> What you should do: Copy exactly the lines starting at the one that contains "- В командной" and running through the end of the material below. Exclude any pictures.

> Data shown:
-=-=-

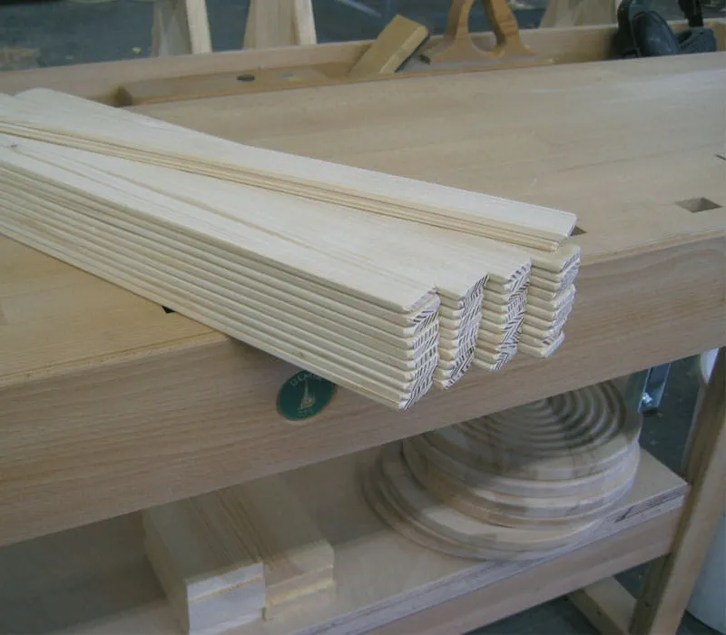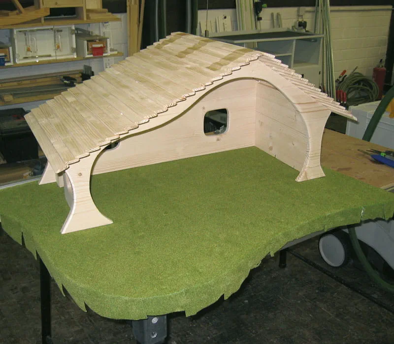 Terwijl de lijm droogt de daklijsten (per meter verkrijgbaar in de houthandel) voor het dak op lengte zagen en de kanten breken.
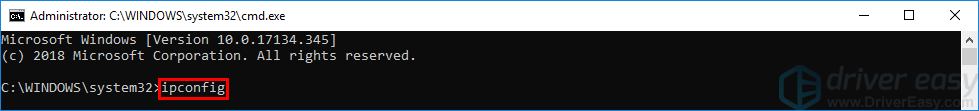 - В командной строке введите IPCONFIG и нажмите Войти.
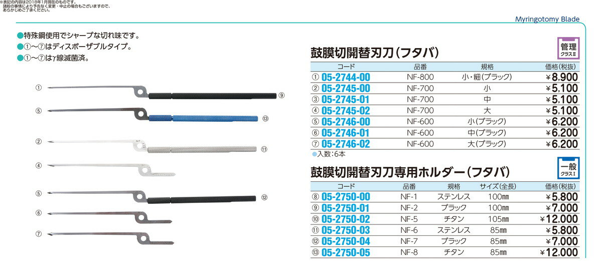 鼓膜切開替刃刀ホルダー(フタバ) NF-2ガタ(100MM)ブラック品番 05-2750-011入り 一般 手術室・中央材料室 手術用消耗品 定価\7000 JAN 4580311080367 ●定価¥7,000円(税別)●商品説明●特殊鋼使用でシャープな切れ味です。

-=-=-

> Task output:
 - В командной строке введите IPCONFIG и нажмите Войти.
 鼓膜切開替刃刀ホルダー(フタバ) NF-2ガタ(100MM)ブラック品番 05-2750-011入り 一般 手術室・中央材料室 手術用消耗品 定価\7000 JAN 4580311080367 ●定価¥7,000円(税別)●商品説明●特殊鋼使用でシャープな切れ味です。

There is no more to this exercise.